Il ripristino di un clima internazionale nuovamente propenso al “free trade” non potrebbe infatti che passare da un ammorbidimento delle ambizioni geopolitiche della Cina, che Xi non è mai stato finora propenso a considerare (come testimonia l’annuncio di nuovi recenti aumenti della spesa militare). Una possibile soluzione al problema della domanda interna viceversa richiederebbe una qualche forma di stimolo e di aumento della spesa pubblica. Un tipo di intervento pubblico che da sempre Xi considera come un tratto di debolezza e decadimento, non solo finanziario ma anche socio-morale, tipico delle letargiche economie occidentali. Come anzi ci ricorda Michael Pettis in un ottimo intervento sul Financial Times, il tema della debolezza della domanda interna cinese (che Pettis pone in termini di eccesso di risparmio) e quello dell’ “eccesso” di capacità industriale e di aggressività nell’export sono, notoriamente, due facce della stessa medaglia, due componenti della stessa strategia di sviluppo (peraltro piuttosto comune in Asia e ben nota anche ai tedeschi):
Il tasso di risparmio interno strutturalmente elevato della Cina è il risultato di una strategia di sviluppo decennale in cui il reddito viene effettivamente trasferito dalle famiglie per sovvenzionare il lato dell’offerta dell’economia – la produzione di beni e servizi. Come risultato di questi trasferimenti, la crescita del reddito familiare è rimasta a lungo indietro rispetto alla crescita della produttività, lasciando le famiglie cinesi incapaci di consumare gran parte di ciò che producono.
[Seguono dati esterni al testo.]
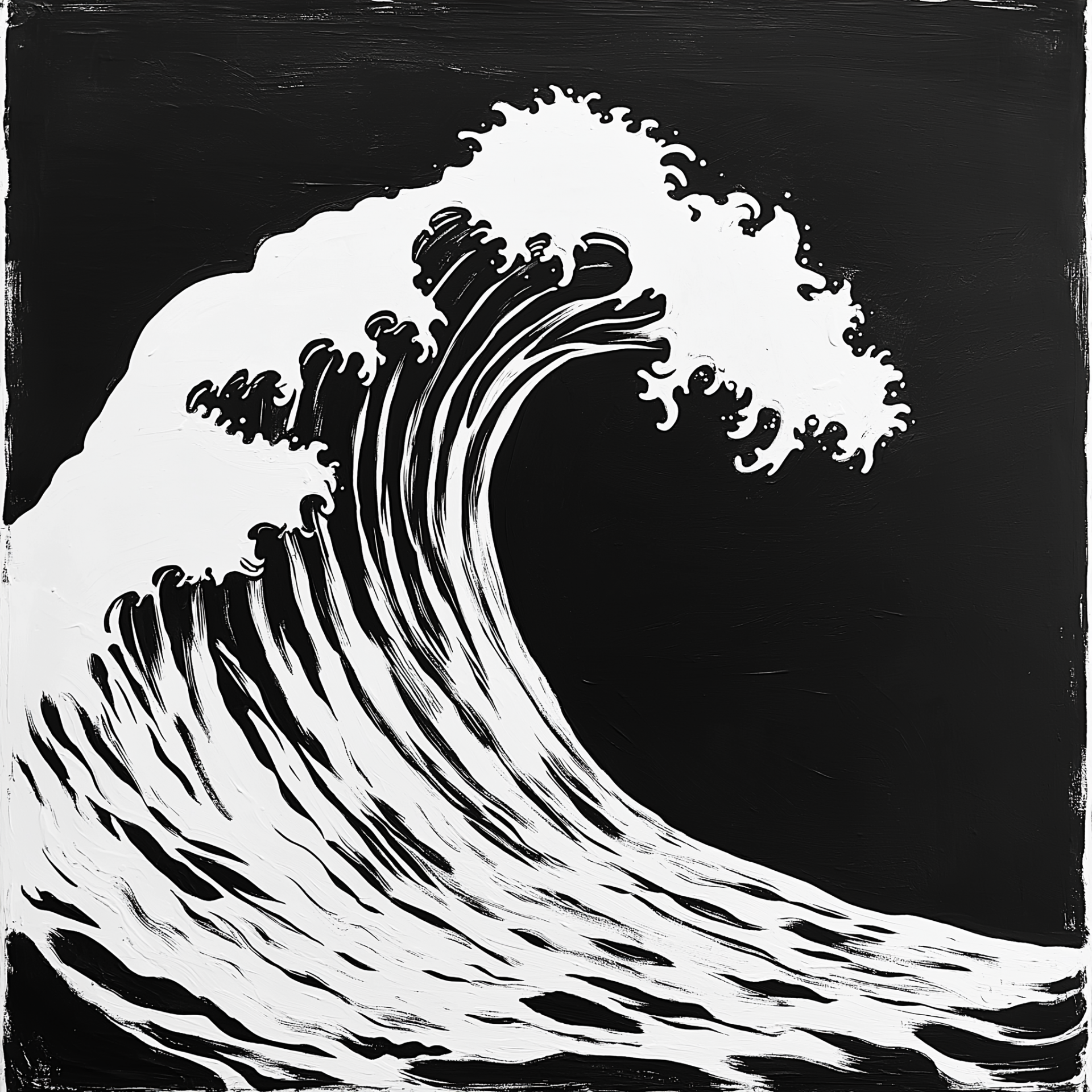 This illustration features a simple black ocean wave rendered in a block print style. The design is inspired by Scandinavian artistry of the 1970s, presenting a striking contrast against a white background.

La (non)soluzione al dilemma cinese, potrebbe dunque stare nel mezzo. In quella “realpolitik geoeconomica” per cui la Cina sa bene che, per quanti proclami possano fare, Stati Uniti ed Europa non possono permettersi di chiudere del tutto le porte alle capacità produttive cinesi. È una questione di costi, di prezzi, di inflazione, di tenuta sociale ed economica delle loro democrazie. Come ha ricordato Xi in occasione della visita di Scholz: “Le esportazioni cinesi hanno arricchito le forniture del mercato globale e allentato la pressione inflazionistica, oltre ad aver fornito un grande contributo agli sforzi globali per affrontare il cambiamento climatico e la transizione verde.”
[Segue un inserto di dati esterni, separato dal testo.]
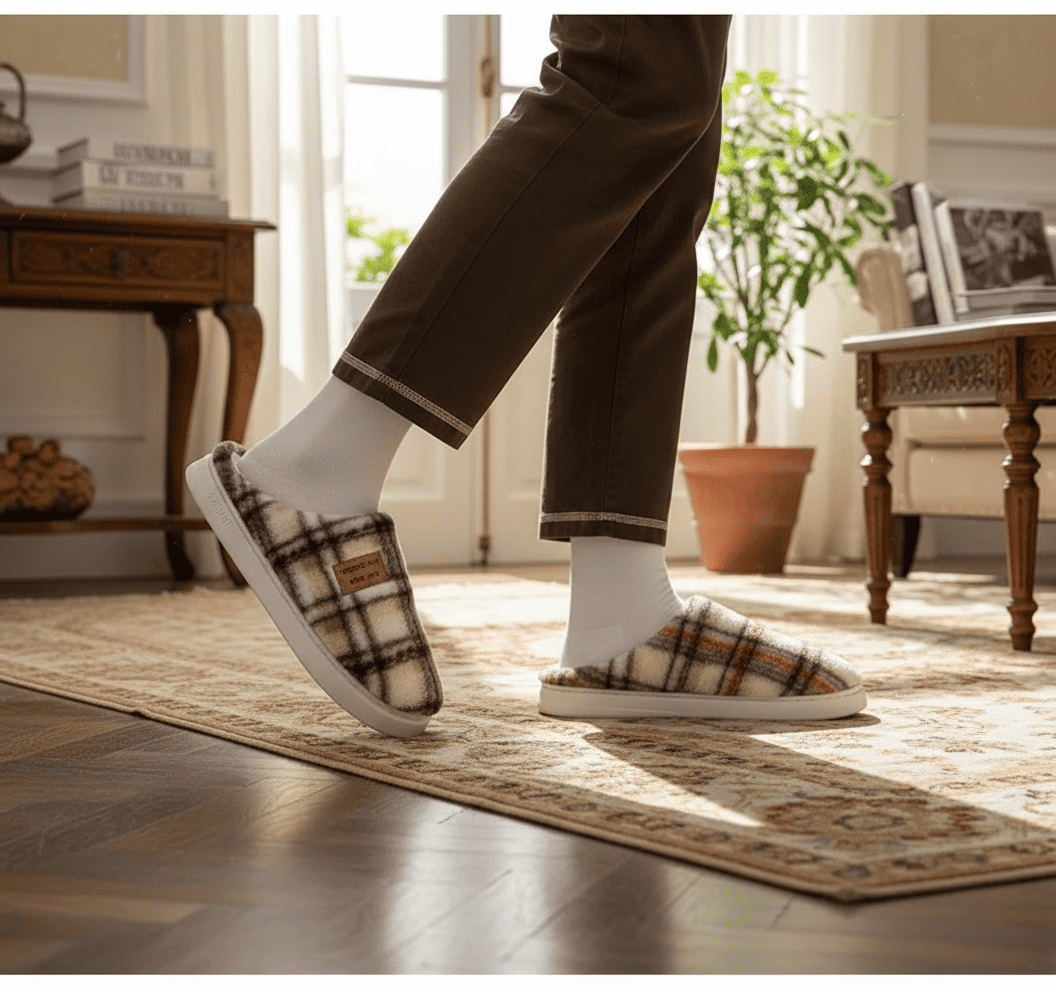 Dopo una lunga giornata, niente di meglio di un momento di relax per i tuoi piedi. Con CaldoFelt, le tue pantofole in pile a quadri, ogni passo in casa diventa un istante di tranquillità.

Lo stesso viaggio di Scholz ha dimostrato che la Germania, e per estensione l’Europa hanno bisogno di tenere aperti i canali commerciali con il mercato cinese, la cui domanda sarà pure debole ma è demograficamente insostituibile. Lo dimostra il fatto che, per la seconda volta, al seguito di Scholz c’erano anche i grandi ciambellani dell’industria tedesca (dell’auto e non solo).
Persino gli Stati Uniti usano con la Cina una sorta di strategia “poliziotto buono e poliziotto cattivo”, che vede nei panni del primo la segretaria al commercio Janet Yellen. La quale, nel corso della sua visita a Pechino di inizio aprile, ha certo sottolineato il problema degli eccessi produttivi cinesi ma ha anche rimarcato la necessità di mantenere in vita la “cooperazione economica” tra Cina e USA.
Le relazioni tra Cina ed economie occidentali (ammesso che si potrà parlarne ancora a lungo in termini di blocco) potrebbero continuare insomma nel segno di una co-dipendenza, in cui entrambi gli attori cercano di ottenere il massimo concedendo il minimo, mentre corrono la corsa a chi saprà meglio dominare e scatenare le “nuove forze produttive” delle future tecnologie.
Come tuttavia ci ricordano gli psicologi, nei legami di co-dipendenza c’è spesso, intrinseco, un elevato grado di tossicità. È indubbiamente il caso della relazione – sempre più infelice e turbolenta tanto al loro interno quanto nelle loro interazioni esterne – tra Cina e Occidente. La domanda è quanto a lungo essa potrà ancora deteriorarsi prima di esplodere.